__Exercise__:
Restate each line of the listing exactly, without carrying over any pictures.

__Dataset extract__:
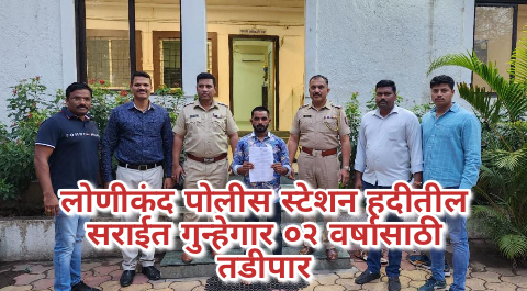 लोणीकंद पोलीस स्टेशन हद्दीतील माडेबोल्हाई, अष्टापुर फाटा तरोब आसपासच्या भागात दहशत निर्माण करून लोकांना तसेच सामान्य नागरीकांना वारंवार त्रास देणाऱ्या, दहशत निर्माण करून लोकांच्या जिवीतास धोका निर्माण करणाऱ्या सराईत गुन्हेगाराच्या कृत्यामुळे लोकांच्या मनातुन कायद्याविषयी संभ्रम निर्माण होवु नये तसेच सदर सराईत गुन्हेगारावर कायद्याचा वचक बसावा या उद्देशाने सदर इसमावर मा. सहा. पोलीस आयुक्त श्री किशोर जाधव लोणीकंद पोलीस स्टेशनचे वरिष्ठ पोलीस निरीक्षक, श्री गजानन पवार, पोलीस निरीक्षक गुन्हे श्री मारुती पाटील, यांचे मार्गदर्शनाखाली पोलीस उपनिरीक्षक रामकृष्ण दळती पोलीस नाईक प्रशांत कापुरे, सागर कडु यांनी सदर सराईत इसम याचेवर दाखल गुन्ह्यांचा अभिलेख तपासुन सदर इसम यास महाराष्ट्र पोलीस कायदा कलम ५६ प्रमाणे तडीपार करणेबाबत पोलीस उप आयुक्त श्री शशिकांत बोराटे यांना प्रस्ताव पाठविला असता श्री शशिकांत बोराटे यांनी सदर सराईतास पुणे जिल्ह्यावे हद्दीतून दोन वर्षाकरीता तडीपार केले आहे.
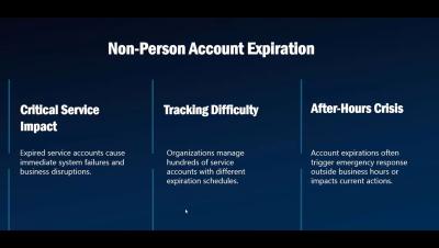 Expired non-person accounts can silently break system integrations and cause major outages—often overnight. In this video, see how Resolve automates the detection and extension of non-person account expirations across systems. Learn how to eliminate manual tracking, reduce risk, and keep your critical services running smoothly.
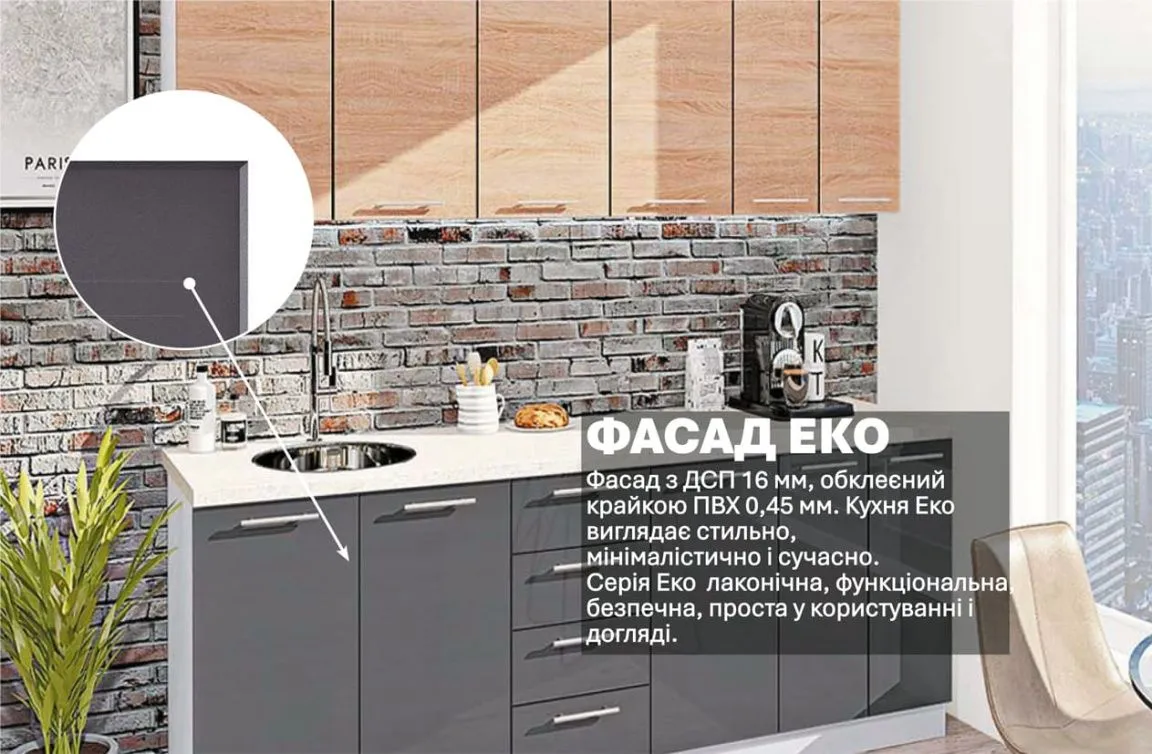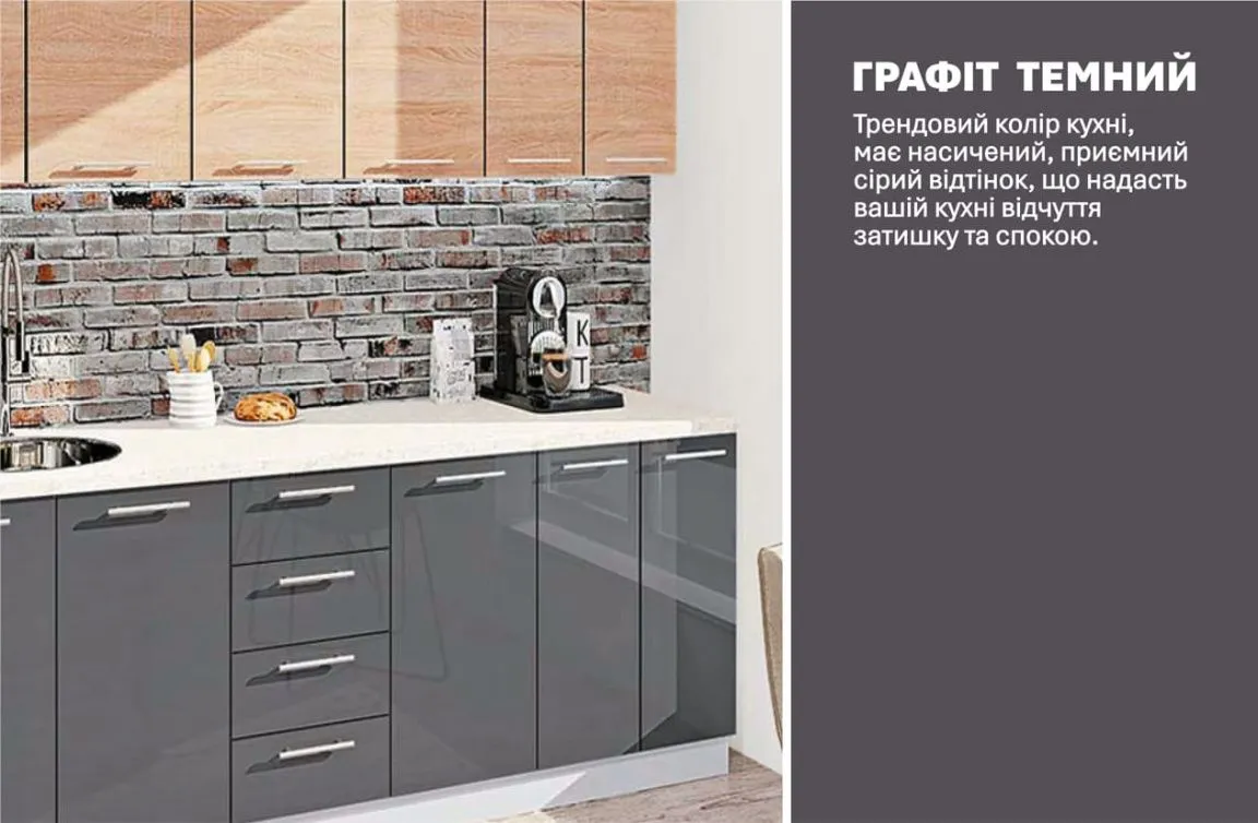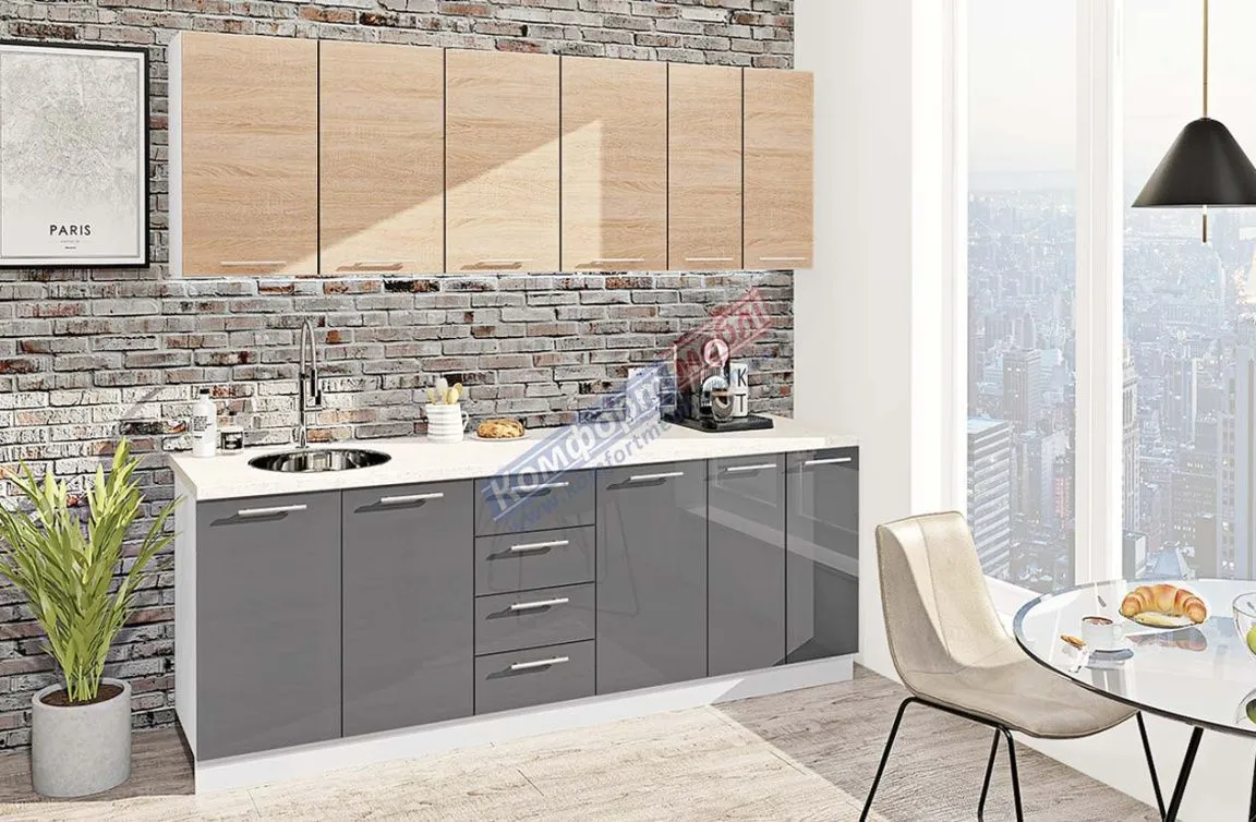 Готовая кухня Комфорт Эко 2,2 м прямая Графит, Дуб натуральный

__Exercise answer__:
 लोणीकंद पोलीस स्टेशन हद्दीतील माडेबोल्हाई, अष्टापुर फाटा तरोब आसपासच्या भागात दहशत निर्माण करून लोकांना तसेच सामान्य नागरीकांना वारंवार त्रास देणाऱ्या, दहशत निर्माण करून लोकांच्या जिवीतास धोका निर्माण करणाऱ्या सराईत गुन्हेगाराच्या कृत्यामुळे लोकांच्या मनातुन कायद्याविषयी संभ्रम निर्माण होवु नये तसेच सदर सराईत गुन्हेगारावर कायद्याचा वचक बसावा या उद्देशाने सदर इसमावर मा. सहा. पोलीस आयुक्त श्री किशोर जाधव लोणीकंद पोलीस स्टेशनचे वरिष्ठ पोलीस निरीक्षक, श्री गजानन पवार, पोलीस निरीक्षक गुन्हे श्री मारुती पाटील, यांचे मार्गदर्शनाखाली पोलीस उपनिरीक्षक रामकृष्ण दळती पोलीस नाईक प्रशांत कापुरे, सागर कडु यांनी सदर सराईत इसम याचेवर दाखल गुन्ह्यांचा अभिलेख तपासुन सदर इसम यास महाराष्ट्र पोलीस कायदा कलम ५६ प्रमाणे तडीपार करणेबाबत पोलीस उप आयुक्त श्री शशिकांत बोराटे यांना प्रस्ताव पाठविला असता श्री शशिकांत बोराटे यांनी सदर सराईतास पुणे जिल्ह्यावे हद्दीतून दोन वर्षाकरीता तडीपार केले आहे.
 Expired non-person accounts can silently break system integrations and cause major outages—often overnight. In this video, see how Resolve automates the detection and extension of non-person account expirations across systems. Learn how to eliminate manual tracking, reduce risk, and keep your critical services running smoothly.
 Готовая кухня Комфорт Эко 2,2 м прямая Графит, Дуб натуральный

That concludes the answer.